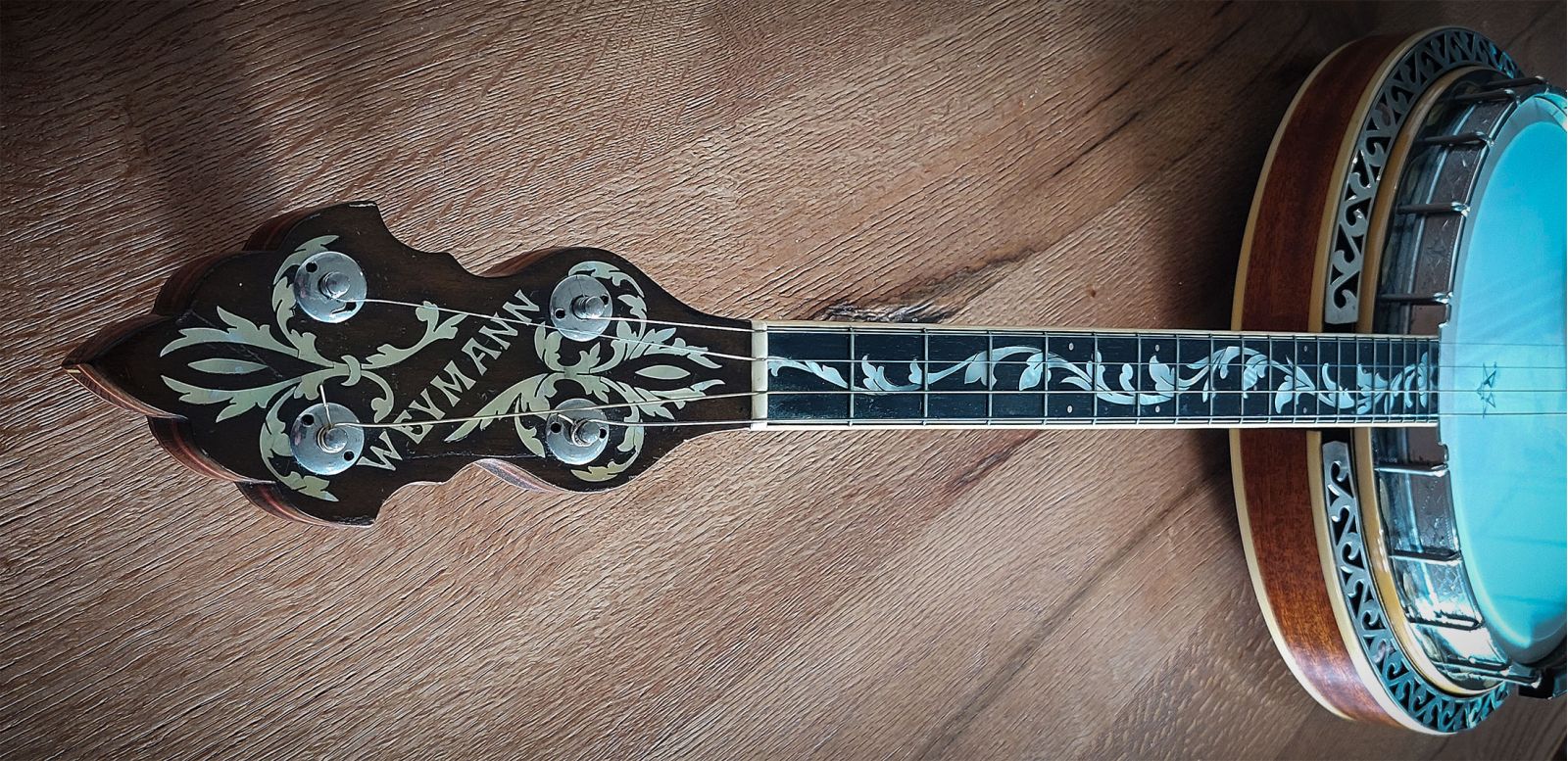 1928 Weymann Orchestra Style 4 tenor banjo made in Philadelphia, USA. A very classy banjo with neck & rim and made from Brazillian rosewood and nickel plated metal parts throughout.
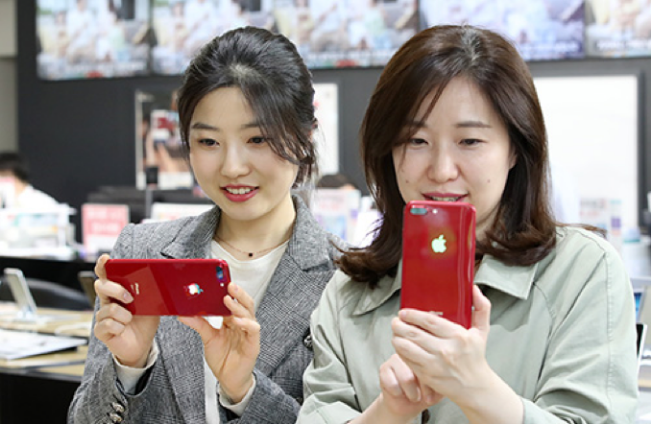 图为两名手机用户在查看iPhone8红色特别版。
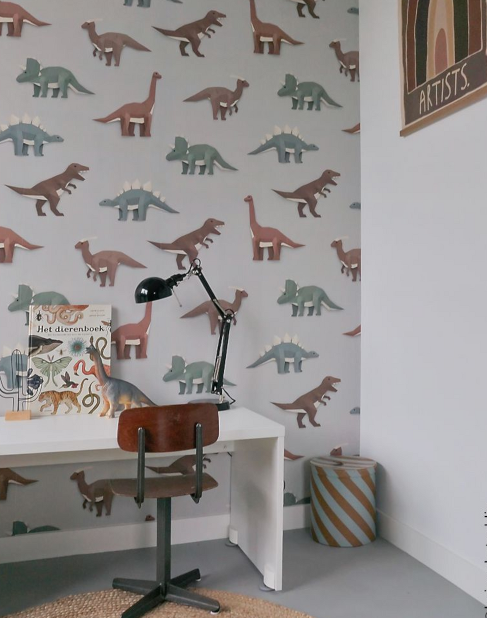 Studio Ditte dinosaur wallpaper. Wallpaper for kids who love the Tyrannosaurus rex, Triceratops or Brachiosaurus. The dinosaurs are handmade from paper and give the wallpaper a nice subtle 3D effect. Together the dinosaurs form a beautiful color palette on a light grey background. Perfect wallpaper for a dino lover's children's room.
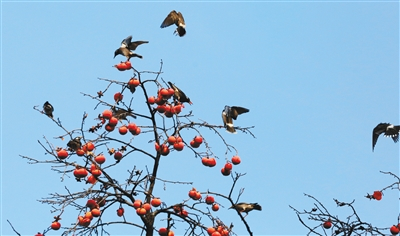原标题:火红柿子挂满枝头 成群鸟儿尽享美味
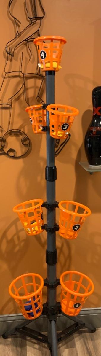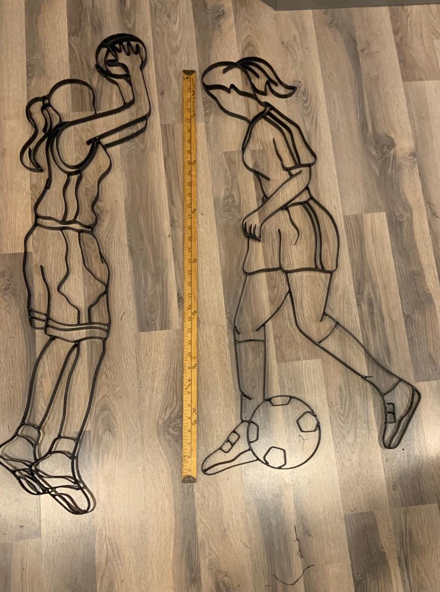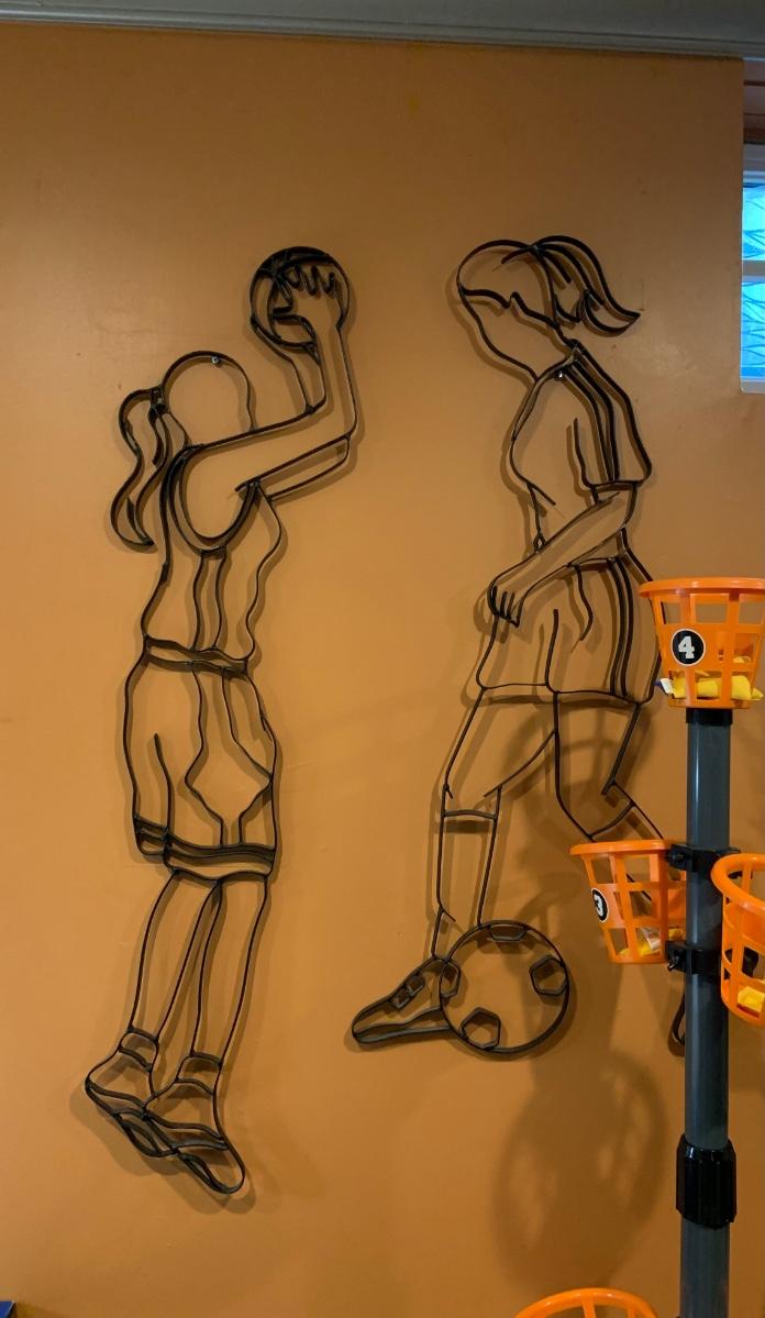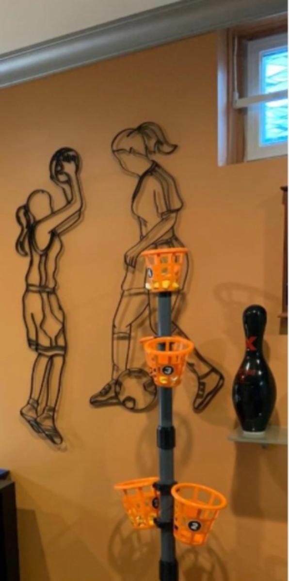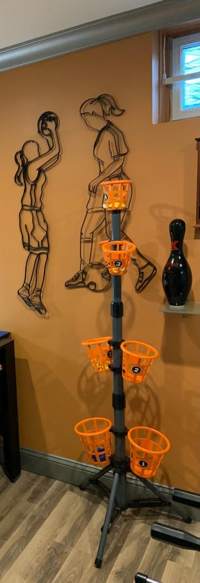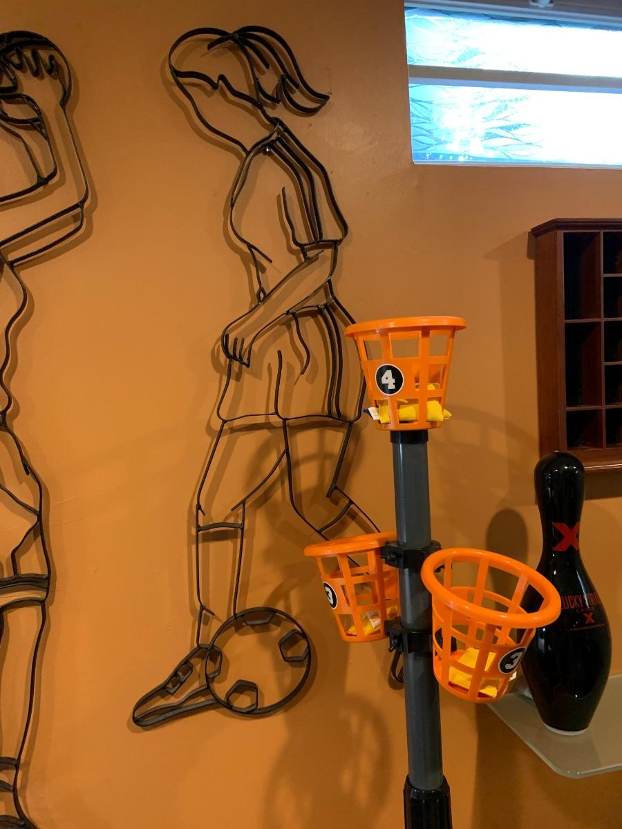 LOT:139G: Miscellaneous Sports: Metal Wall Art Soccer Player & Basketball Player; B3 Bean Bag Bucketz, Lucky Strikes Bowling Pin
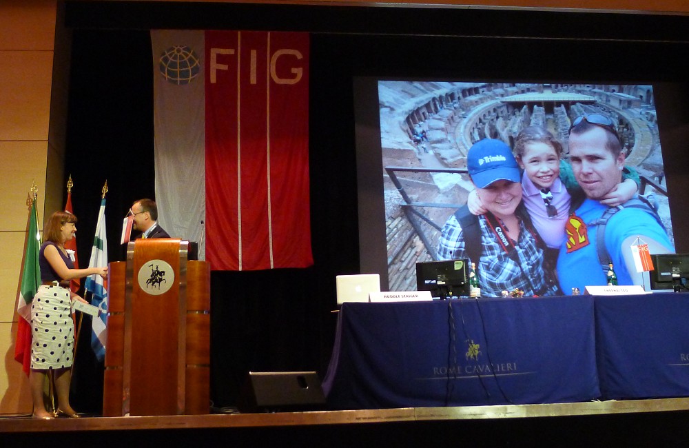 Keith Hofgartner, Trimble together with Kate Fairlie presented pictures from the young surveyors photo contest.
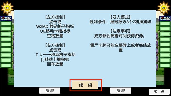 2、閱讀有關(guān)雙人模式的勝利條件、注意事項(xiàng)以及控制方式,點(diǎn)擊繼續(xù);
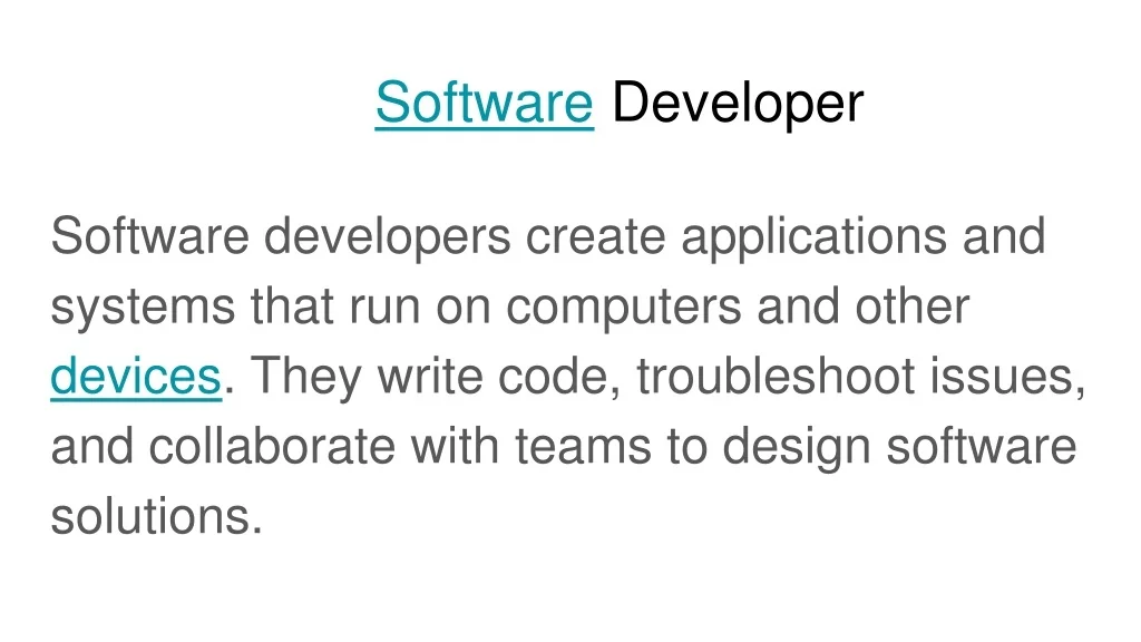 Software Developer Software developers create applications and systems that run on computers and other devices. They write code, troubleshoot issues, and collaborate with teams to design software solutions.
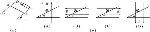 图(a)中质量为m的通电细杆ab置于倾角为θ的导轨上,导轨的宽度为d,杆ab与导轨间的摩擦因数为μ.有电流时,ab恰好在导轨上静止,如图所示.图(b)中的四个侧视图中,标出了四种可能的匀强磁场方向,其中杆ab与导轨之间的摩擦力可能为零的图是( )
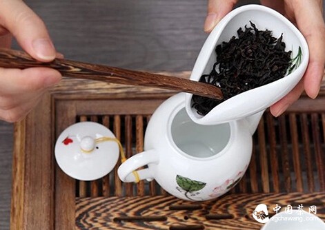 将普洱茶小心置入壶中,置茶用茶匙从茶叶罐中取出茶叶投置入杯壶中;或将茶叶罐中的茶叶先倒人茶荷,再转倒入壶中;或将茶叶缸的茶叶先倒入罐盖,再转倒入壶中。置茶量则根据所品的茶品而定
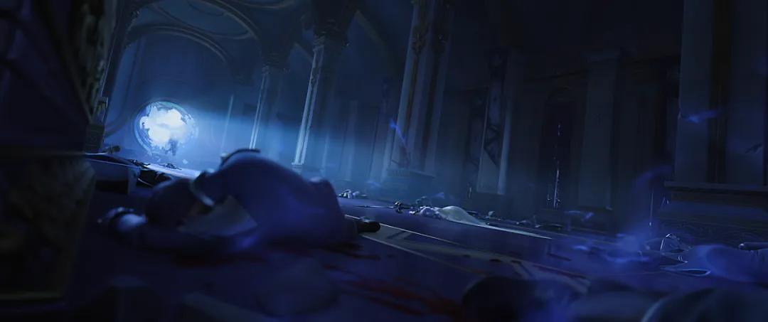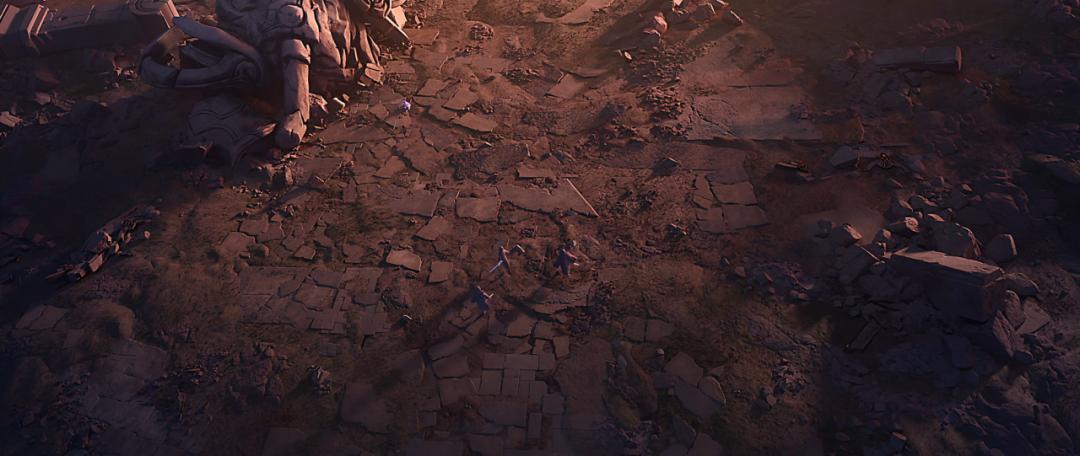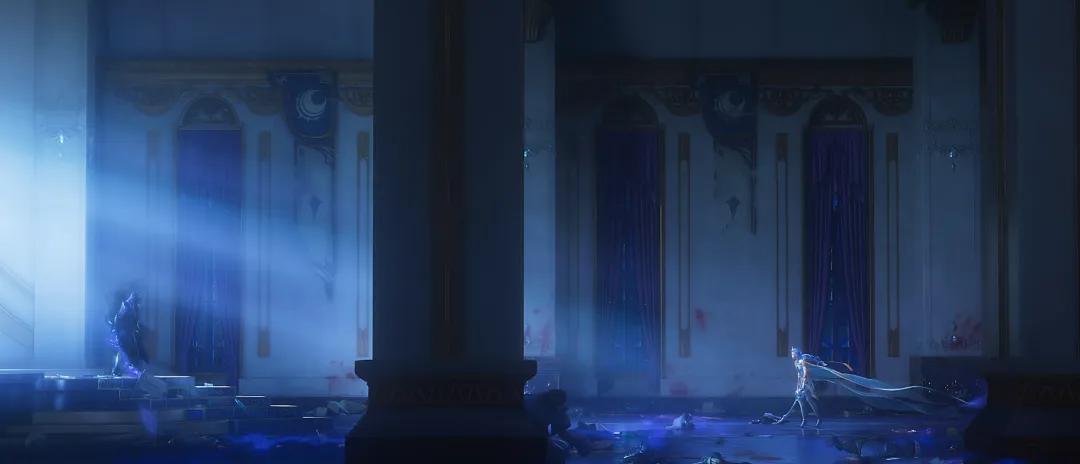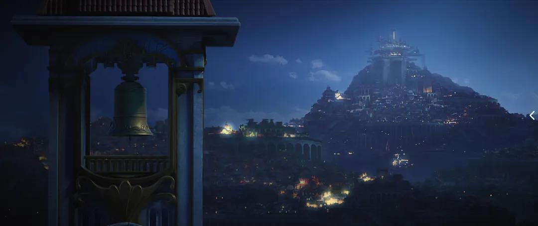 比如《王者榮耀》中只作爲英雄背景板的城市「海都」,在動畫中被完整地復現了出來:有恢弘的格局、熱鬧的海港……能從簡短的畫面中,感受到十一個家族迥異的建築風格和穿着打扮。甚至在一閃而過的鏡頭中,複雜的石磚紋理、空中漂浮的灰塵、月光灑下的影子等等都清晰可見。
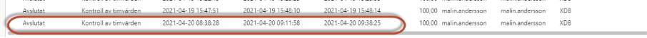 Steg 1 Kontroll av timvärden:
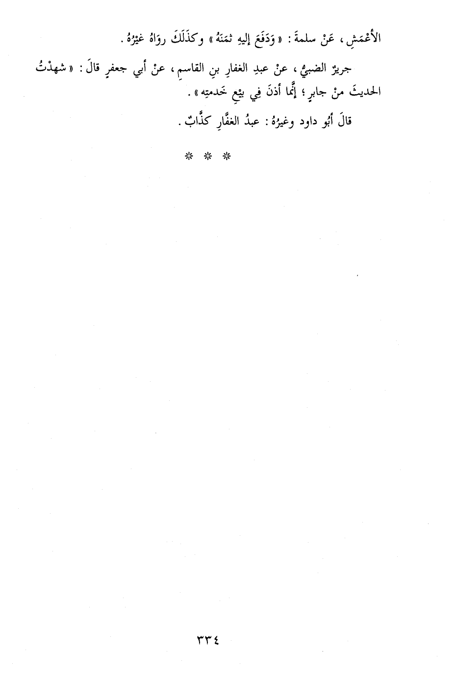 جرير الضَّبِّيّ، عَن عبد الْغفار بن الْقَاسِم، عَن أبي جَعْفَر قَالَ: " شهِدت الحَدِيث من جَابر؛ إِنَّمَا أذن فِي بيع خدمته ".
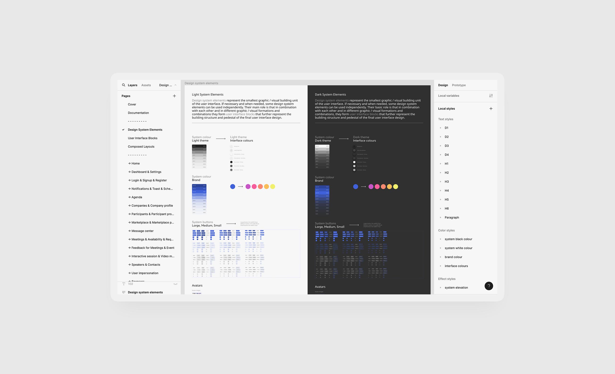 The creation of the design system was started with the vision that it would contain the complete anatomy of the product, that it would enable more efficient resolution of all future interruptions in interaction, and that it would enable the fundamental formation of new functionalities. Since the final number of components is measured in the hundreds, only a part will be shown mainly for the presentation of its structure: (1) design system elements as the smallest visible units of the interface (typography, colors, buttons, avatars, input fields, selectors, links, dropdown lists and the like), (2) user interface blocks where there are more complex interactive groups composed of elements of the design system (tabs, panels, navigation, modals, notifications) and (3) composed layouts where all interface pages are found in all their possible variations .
==================================================
◆ TASK TO COMPLETE ◆
Copying starts at the line containing "将普洱茶小心置入壶中,置茶用" and ends at the last line of the material above; repeat only those lines exactly and omit the pictures.

◆ WRITTEN SOLUTION ◆
 将普洱茶小心置入壶中,置茶用茶匙从茶叶罐中取出茶叶投置入杯壶中;或将茶叶罐中的茶叶先倒人茶荷,再转倒入壶中;或将茶叶缸的茶叶先倒入罐盖,再转倒入壶中。置茶量则根据所品的茶品而定
 比如《王者榮耀》中只作爲英雄背景板的城市「海都」,在動畫中被完整地復現了出來:有恢弘的格局、熱鬧的海港……能從簡短的畫面中,感受到十一個家族迥異的建築風格和穿着打扮。甚至在一閃而過的鏡頭中,複雜的石磚紋理、空中漂浮的灰塵、月光灑下的影子等等都清晰可見。
 Steg 1 Kontroll av timvärden:
 جرير الضَّبِّيّ، عَن عبد الْغفار بن الْقَاسِم، عَن أبي جَعْفَر قَالَ: " شهِدت الحَدِيث من جَابر؛ إِنَّمَا أذن فِي بيع خدمته ".
 The creation of the design system was started with the vision that it would contain the complete anatomy of the product, that it would enable more efficient resolution of all future interruptions in interaction, and that it would enable the fundamental formation of new functionalities. Since the final number of components is measured in the hundreds, only a part will be shown mainly for the presentation of its structure: (1) design system elements as the smallest visible units of the interface (typography, colors, buttons, avatars, input fields, selectors, links, dropdown lists and the like), (2) user interface blocks where there are more complex interactive groups composed of elements of the design system (tabs, panels, navigation, modals, notifications) and (3) composed layouts where all interface pages are found in all their possible variations .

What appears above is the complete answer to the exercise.